• What to work on: Retype every record exactly. Skip the images.

──────── Excerpted data ────────

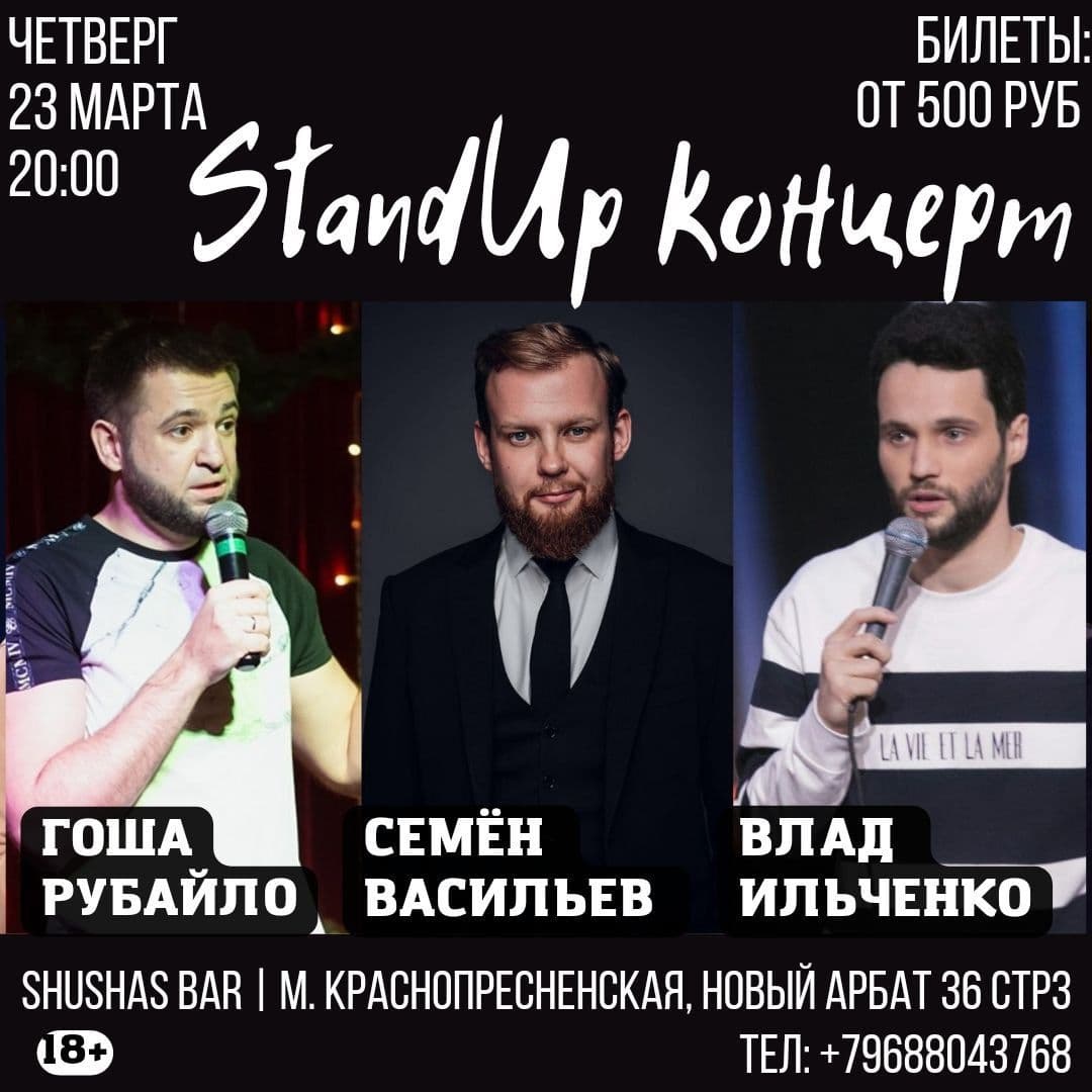 Концерт StandUp BEST и СНОГСШИБАТЕЛЬНЫЙ ЧЕТВЕРГ в SHUSHAS на Новом Арбате! Для всех, кто не дотерпел до пятницы!
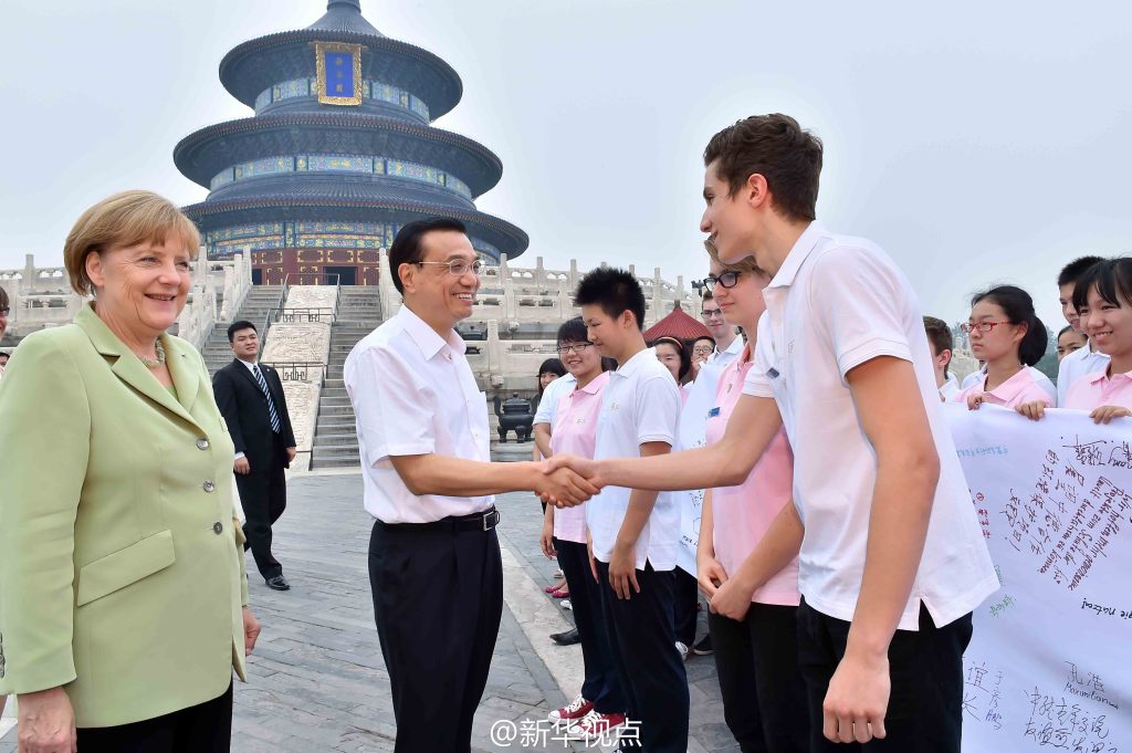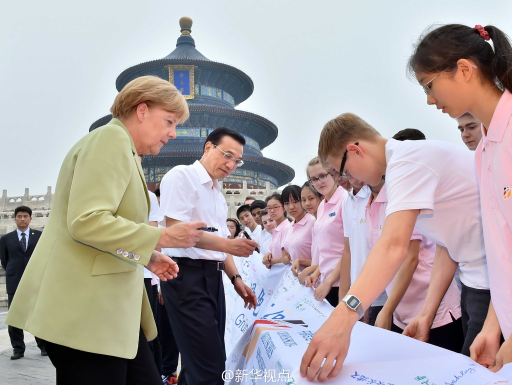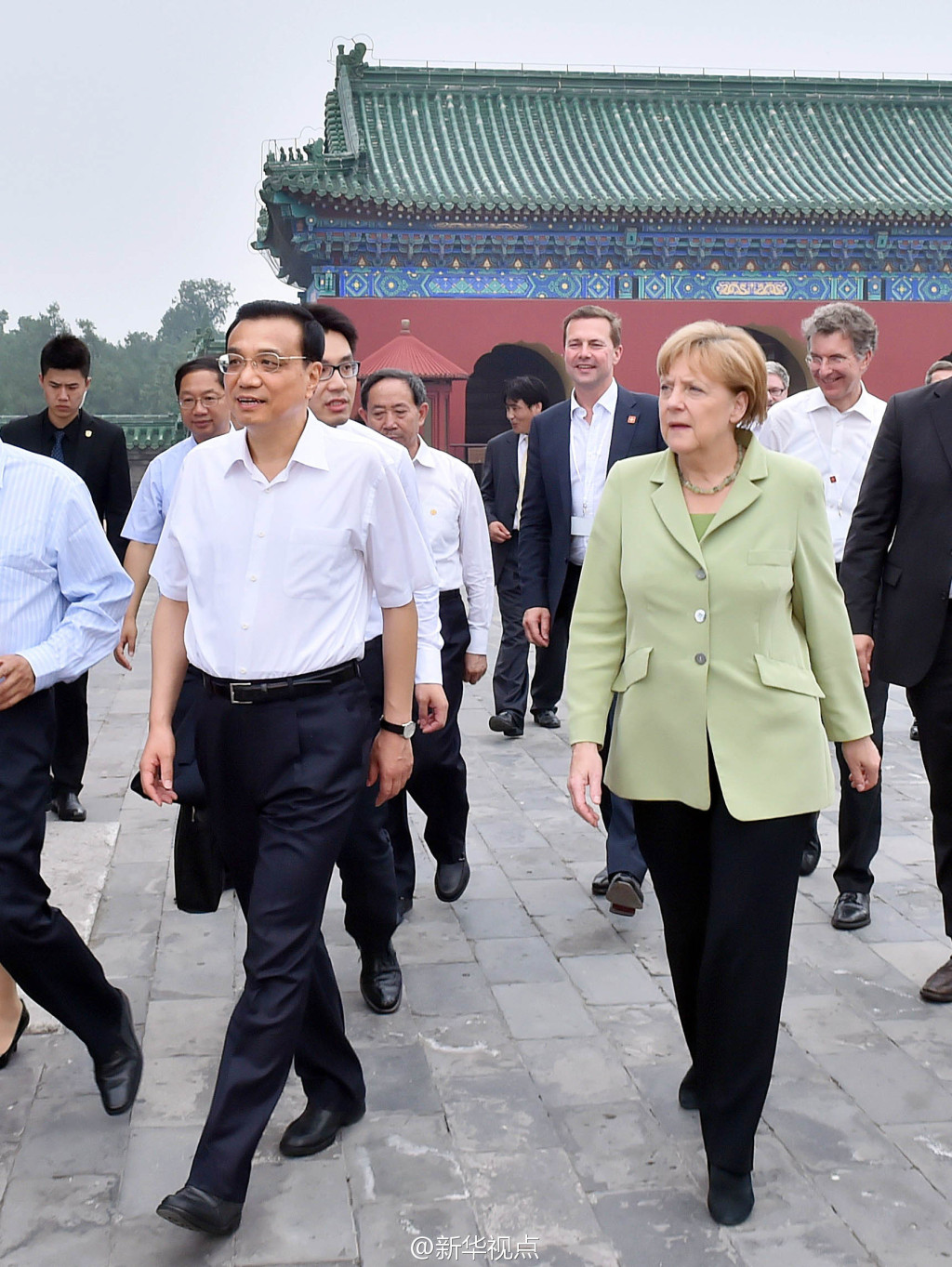 新华网北京7月7日电 据新华社“新华视点”微博报道,李克强总理7日陪同德国总理默克尔参观了天坛公园,并与近百名出席中德语言年闭幕式的两国青少年交流。两国总理询问了孩子们学习对方语言文化的感受,鼓励他们好好学习,做中德友好的小使者。随后,两国总理参观了祈年殿,并在公园里并肩散步。
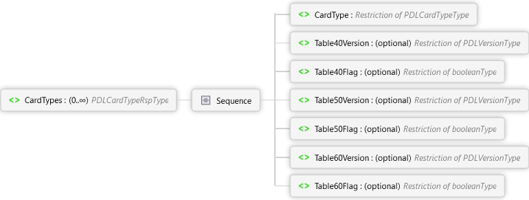 <xs:elementname="CardTypes"type="PDLCardTypeRspType"minOccurs="0"maxOccurs="unbounded"xmlns:xs="http://www.w3.org/2001/XMLSchema"><xs:annotation><xs:documentation><pxmlns="http://Hps.Exchange.PosGateway">Card type data</p></xs:documentation></xs:annotation></xs:element>
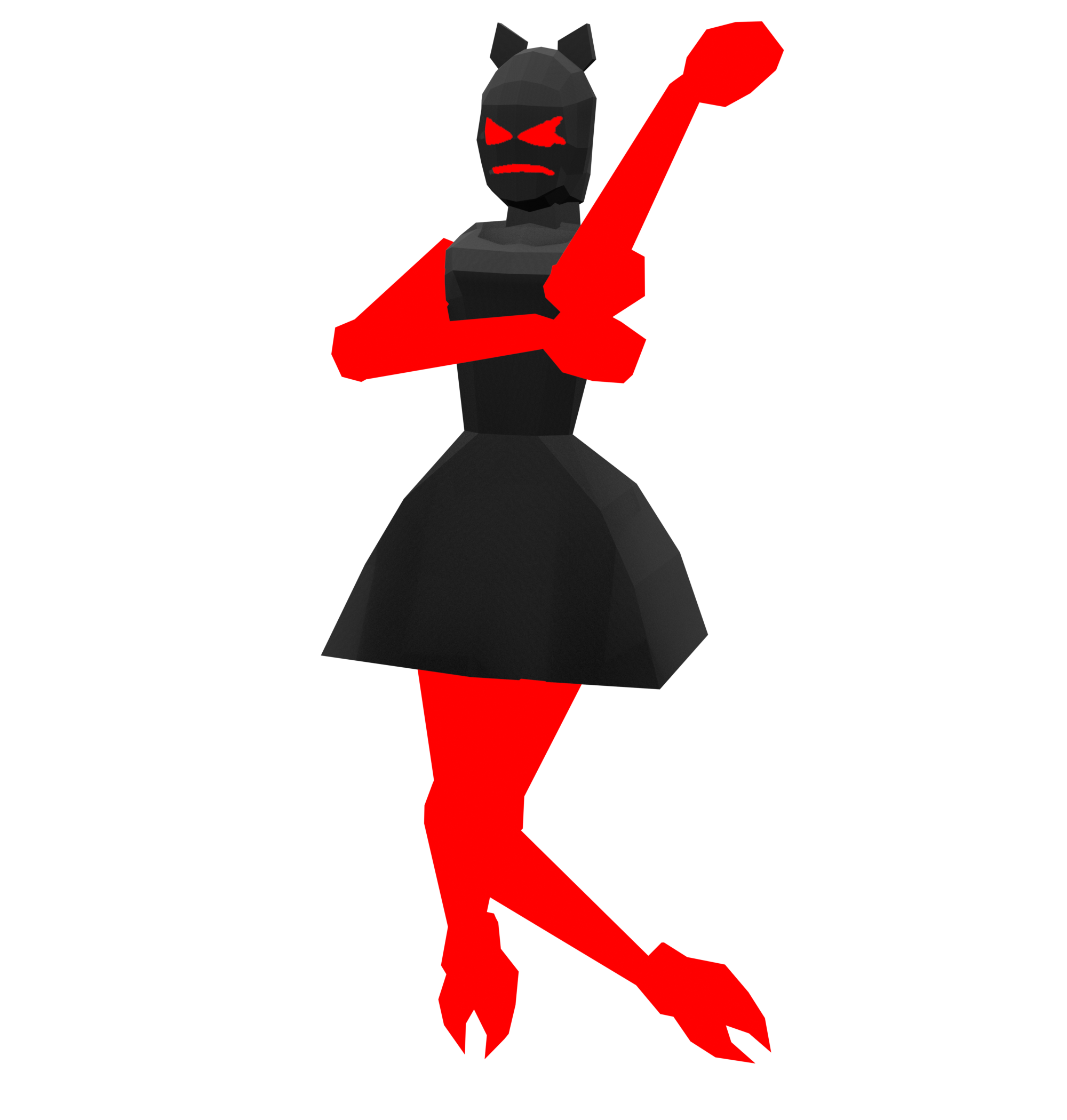 First couple of images is ERROR. She is a spirit of negative emotions and is made up of evil red energy™ cloaked in black. She is very evil you should take her threats seriously! She clocks in 1.6m tall and is currently the shortest character in the game.
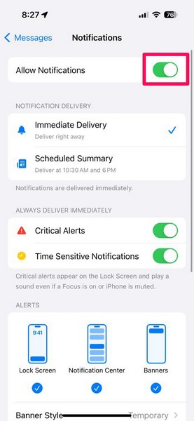4.Тут, перш за все, переконайтеся, що перемикач дляДозволити сповіщенняопція ввімкнена на вашому пристрої.
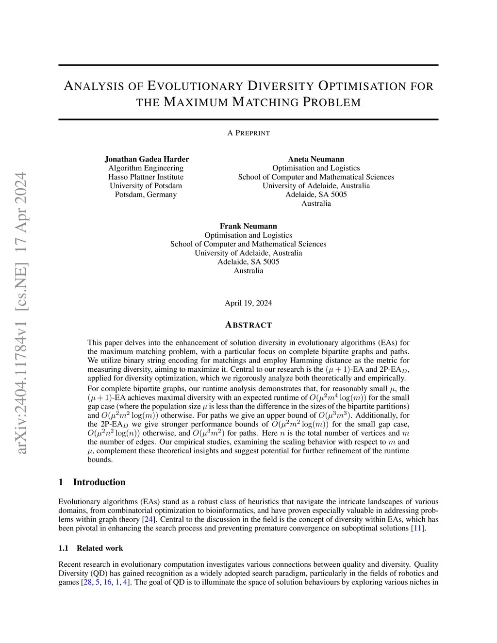 This paper explores the enhancement of solution diversity in evolutionary algorithms (EAs) for the maximum matching problem, concentrating on complete bipartite graphs and paths. We adopt binary string encoding for matchings and use Hamming distance to measure diversity, aiming for its maximization. Our study centers on the -EA and , which are applied to optimize diversity. We provide a rigorous theoretical and empirical analysis of these algorithms. For complete bipartite graphs, our runtime analysis shows that, with a reasonably small , the -EA achieves maximal diversity with an expected runtime of for the small gap case (where the population size is less than the difference in the sizes of the bipartite partitions) and otherwise. For paths, we establish an upper runtime bound of . The displays stronger performance, with bounds of for the small gap case, otherwise, and for paths. Here, represents the total number of vertices and the number of edges. Our empirical studies, which examine the scaling behavior with respect to and , complement these theoretical insights and suggest potential for further refinement of the runtime bounds.
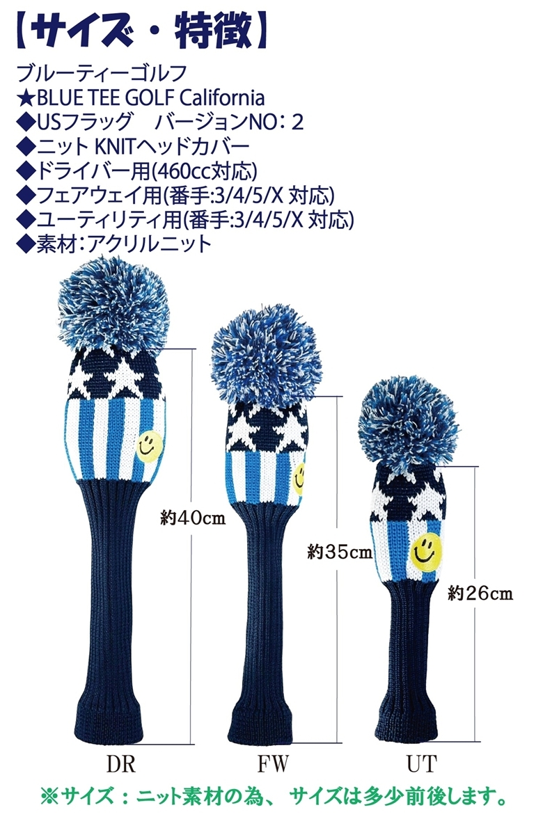 ☆UT:BL 2本セットブルーティーゴルフ【ブルー: USA FLAG Ver2: SM】ユーティリティ用ニットヘッドカバー HC-USA2 送料無料
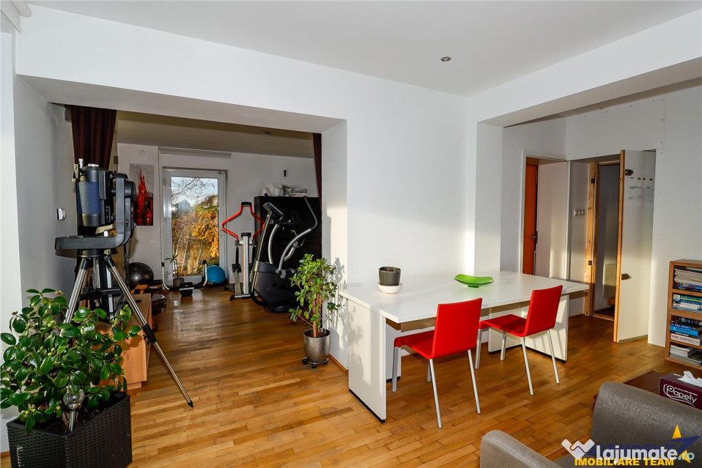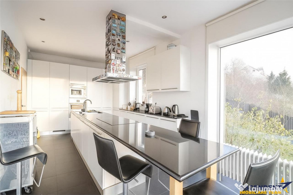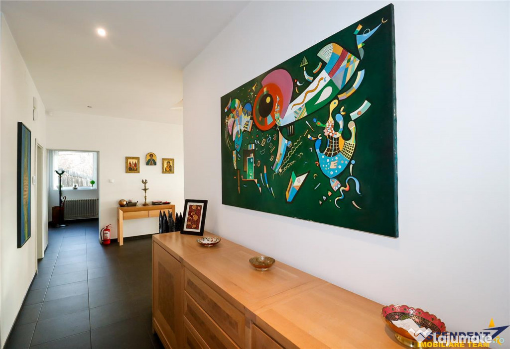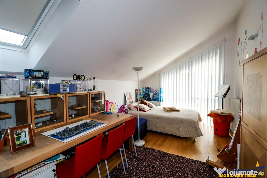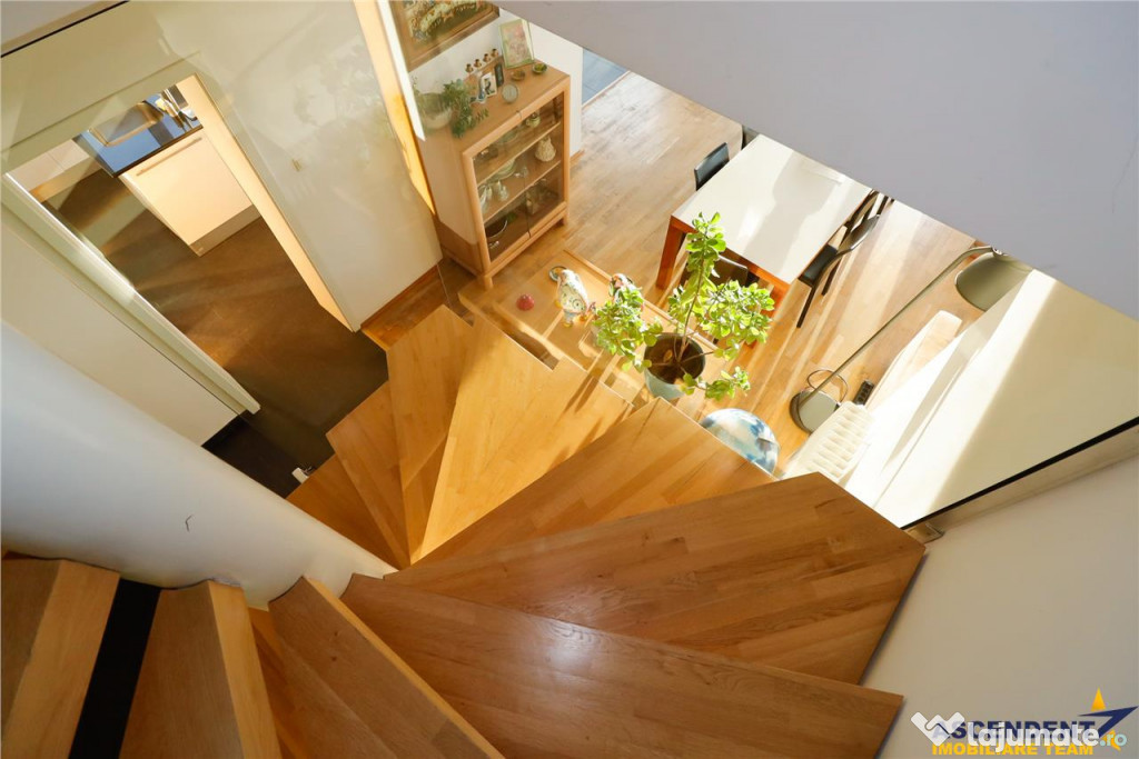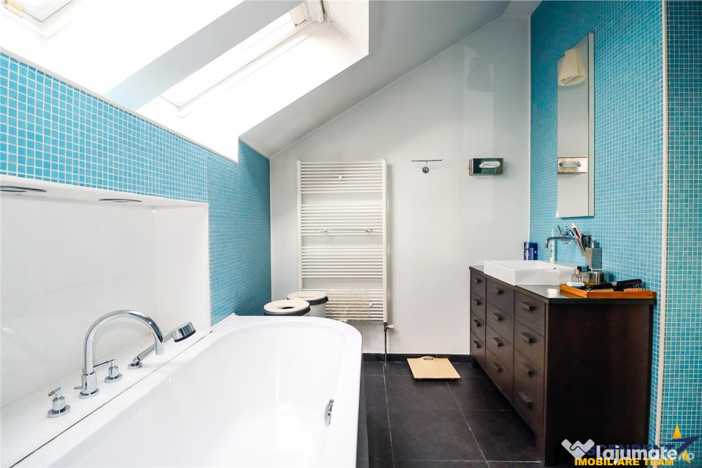 Proprietatea ofera o experienta de locuire diferita de orice ai intalnit pana acum. Cu aproape 100 mp de terase generoase, fiecare colt al casei te invita sa respiri libertate, lumina, aer curat si energie inaltatoare. Livingul vast si luminos te intampina cu o atmosfera calda pentru momente dunice ale vietii, intr-un cadru in care orasul pare ca se aseaza la picioarele tale.
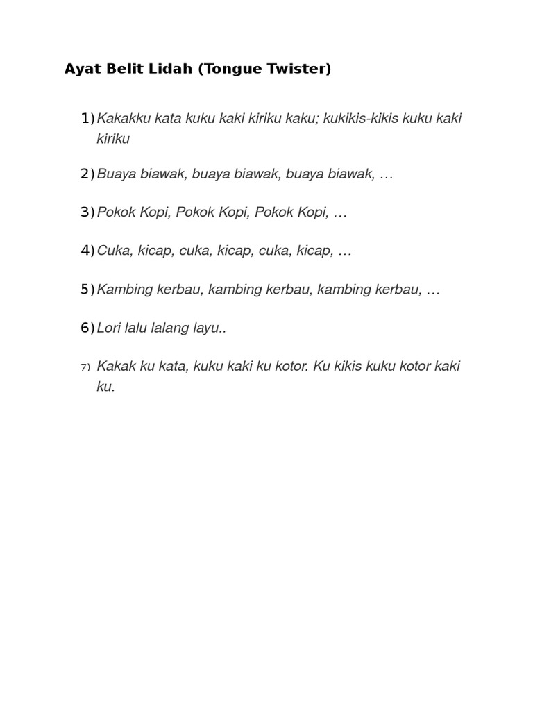 Iii berlipat ganda - melipatgandakan. Tongue twister masih dianggap cukup efektif untuk melatih cara kita berbicara. Contoh ayat ialah.
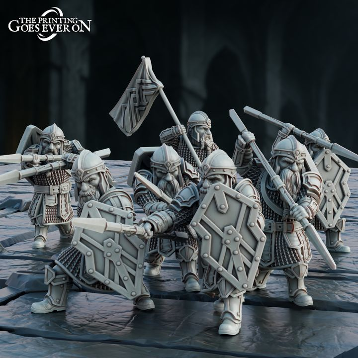 This is a set of 6 Dwarven Steelvein clan spearmen in various positions. The models are in 28mm scale. Delivered not painted. Models by The Printing Goes Ever On
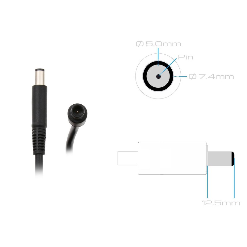 • Plug type: round, connector shape: 180° straight, outer diameter of the connector: 7.4 mm, inner diameter of the connector: 5.0 mm, length of the connector: 12.5 mm, pin in the connector: yes, length of the connection cable from the power supply to the notebook: approx. 1.75 m

────────

• Output below:
 Концерт StandUp BEST и СНОГСШИБАТЕЛЬНЫЙ ЧЕТВЕРГ в SHUSHAS на Новом Арбате! Для всех, кто не дотерпел до пятницы!
 新华网北京7月7日电 据新华社“新华视点”微博报道,李克强总理7日陪同德国总理默克尔参观了天坛公园,并与近百名出席中德语言年闭幕式的两国青少年交流。两国总理询问了孩子们学习对方语言文化的感受,鼓励他们好好学习,做中德友好的小使者。随后,两国总理参观了祈年殿,并在公园里并肩散步。
 <xs:elementname="CardTypes"type="PDLCardTypeRspType"minOccurs="0"maxOccurs="unbounded"xmlns:xs="http://www.w3.org/2001/XMLSchema"><xs:annotation><xs:documentation><pxmlns="http://Hps.Exchange.PosGateway">Card type data</p></xs:documentation></xs:annotation></xs:element>
 First couple of images is ERROR. She is a spirit of negative emotions and is made up of evil red energy™ cloaked in black. She is very evil you should take her threats seriously! She clocks in 1.6m tall and is currently the shortest character in the game.
4.Тут, перш за все, переконайтеся, що перемикач дляДозволити сповіщенняопція ввімкнена на вашому пристрої.
 This paper explores the enhancement of solution diversity in evolutionary algorithms (EAs) for the maximum matching problem, concentrating on complete bipartite graphs and paths. We adopt binary string encoding for matchings and use Hamming distance to measure diversity, aiming for its maximization. Our study centers on the -EA and , which are applied to optimize diversity. We provide a rigorous theoretical and empirical analysis of these algorithms. For complete bipartite graphs, our runtime analysis shows that, with a reasonably small , the -EA achieves maximal diversity with an expected runtime of for the small gap case (where the population size is less than the difference in the sizes of the bipartite partitions) and otherwise. For paths, we establish an upper runtime bound of . The displays stronger performance, with bounds of for the small gap case, otherwise, and for paths. Here, represents the total number of vertices and the number of edges. Our empirical studies, which examine the scaling behavior with respect to and , complement these theoretical insights and suggest potential for further refinement of the runtime bounds.
 ☆UT:BL 2本セットブルーティーゴルフ【ブルー: USA FLAG Ver2: SM】ユーティリティ用ニットヘッドカバー HC-USA2 送料無料
 Proprietatea ofera o experienta de locuire diferita de orice ai intalnit pana acum. Cu aproape 100 mp de terase generoase, fiecare colt al casei te invita sa respiri libertate, lumina, aer curat si energie inaltatoare. Livingul vast si luminos te intampina cu o atmosfera calda pentru momente dunice ale vietii, intr-un cadru in care orasul pare ca se aseaza la picioarele tale.
 Iii berlipat ganda - melipatgandakan. Tongue twister masih dianggap cukup efektif untuk melatih cara kita berbicara. Contoh ayat ialah.
 This is a set of 6 Dwarven Steelvein clan spearmen in various positions. The models are in 28mm scale. Delivered not painted. Models by The Printing Goes Ever On
 • Plug type: round, connector shape: 180° straight, outer diameter of the connector: 7.4 mm, inner diameter of the connector: 5.0 mm, length of the connector: 12.5 mm, pin in the connector: yes, length of the connection cable from the power supply to the notebook: approx. 1.75 m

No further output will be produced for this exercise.